Exercise details: The job is to output each record exactly as it stands, pictures excluded.

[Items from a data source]

· · · · ·

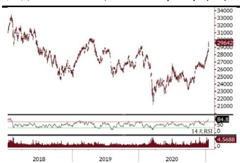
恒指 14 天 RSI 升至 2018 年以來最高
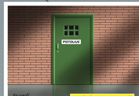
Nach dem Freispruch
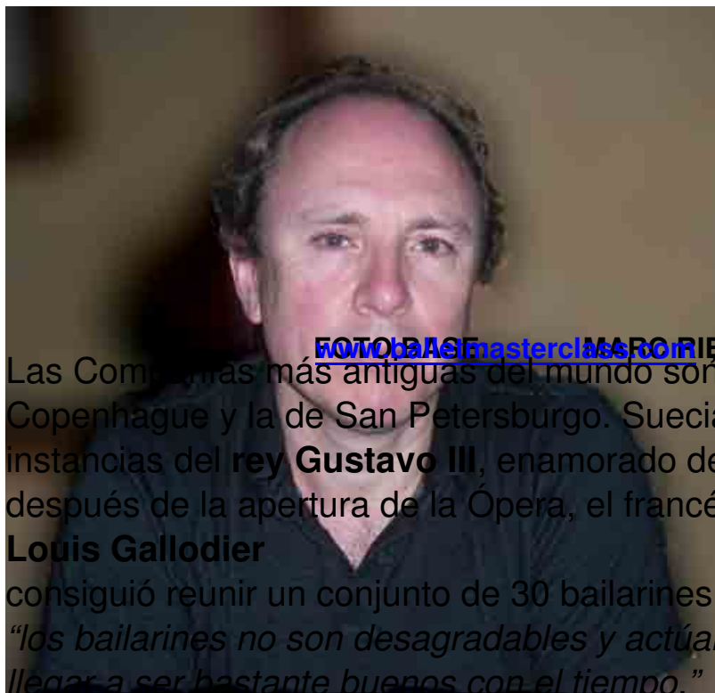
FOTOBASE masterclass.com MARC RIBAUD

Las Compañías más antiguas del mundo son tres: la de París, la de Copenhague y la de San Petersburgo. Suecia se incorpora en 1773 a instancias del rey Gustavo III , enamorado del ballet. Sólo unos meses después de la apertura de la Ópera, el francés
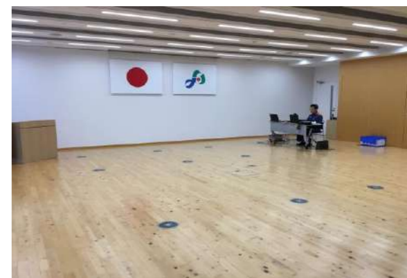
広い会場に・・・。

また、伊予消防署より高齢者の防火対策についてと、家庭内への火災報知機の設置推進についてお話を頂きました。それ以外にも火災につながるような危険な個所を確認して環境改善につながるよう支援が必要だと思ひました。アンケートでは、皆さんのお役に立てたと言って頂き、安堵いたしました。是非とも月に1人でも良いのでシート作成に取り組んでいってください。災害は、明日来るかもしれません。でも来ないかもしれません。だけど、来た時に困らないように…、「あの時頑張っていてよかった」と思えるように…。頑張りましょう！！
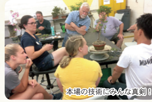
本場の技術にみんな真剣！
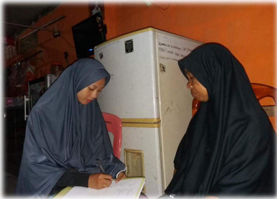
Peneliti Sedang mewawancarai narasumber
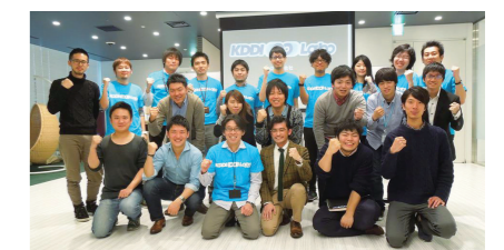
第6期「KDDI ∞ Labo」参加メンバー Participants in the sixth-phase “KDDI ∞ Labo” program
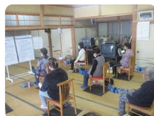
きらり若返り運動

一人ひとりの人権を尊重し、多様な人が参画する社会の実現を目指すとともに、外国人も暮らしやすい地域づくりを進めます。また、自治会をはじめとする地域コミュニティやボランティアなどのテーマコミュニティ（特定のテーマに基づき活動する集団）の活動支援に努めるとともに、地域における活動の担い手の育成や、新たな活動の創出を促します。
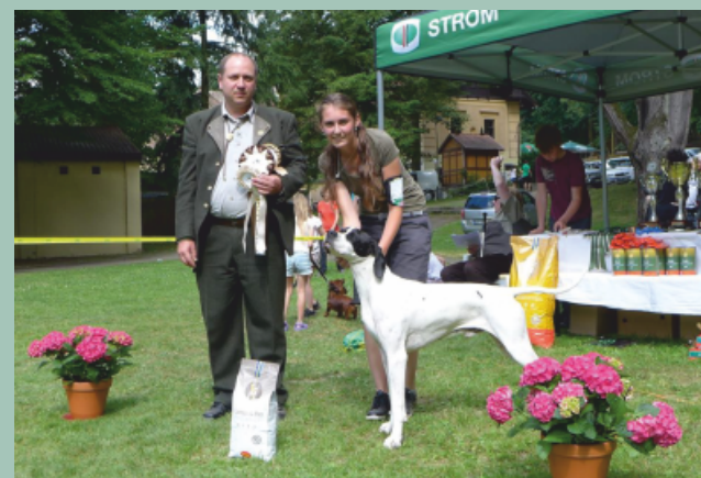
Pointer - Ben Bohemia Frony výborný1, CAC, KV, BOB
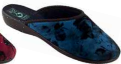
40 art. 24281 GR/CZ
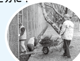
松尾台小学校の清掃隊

· · · · ·

Your solution:
恒指 14 天 RSI 升至 2018 年以來最高
Nach dem Freispruch
FOTOBASE masterclass.com MARC RIBAUD

Las Compañías más antiguas del mundo son tres: la de París, la de Copenhague y la de San Petersburgo. Suecia se incorpora en 1773 a instancias del rey Gustavo III , enamorado del ballet. Sólo unos meses después de la apertura de la Ópera, el francés
広い会場に・・・。

また、伊予消防署より高齢者の防火対策についてと、家庭内への火災報知機の設置推進についてお話を頂きました。それ以外にも火災につながるような危険な個所を確認して環境改善につながるよう支援が必要だと思ひました。アンケートでは、皆さんのお役に立てたと言って頂き、安堵いたしました。是非とも月に1人でも良いのでシート作成に取り組んでいってください。災害は、明日来るかもしれません。でも来ないかもしれません。だけど、来た時に困らないように…、「あの時頑張っていてよかった」と思えるように…。頑張りましょう！！
本場の技術にみんな真剣！
Peneliti Sedang mewawancarai narasumber
第6期「KDDI ∞ Labo」参加メンバー Participants in the sixth-phase “KDDI ∞ Labo” program
きらり若返り運動

一人ひとりの人権を尊重し、多様な人が参画する社会の実現を目指すとともに、外国人も暮らしやすい地域づくりを進めます。また、自治会をはじめとする地域コミュニティやボランティアなどのテーマコミュニティ（特定のテーマに基づき活動する集団）の活動支援に努めるとともに、地域における活動の担い手の育成や、新たな活動の創出を促します。
Pointer - Ben Bohemia Frony výborný1, CAC, KV, BOB
40 art. 24281 GR/CZ
松尾台小学校の清掃隊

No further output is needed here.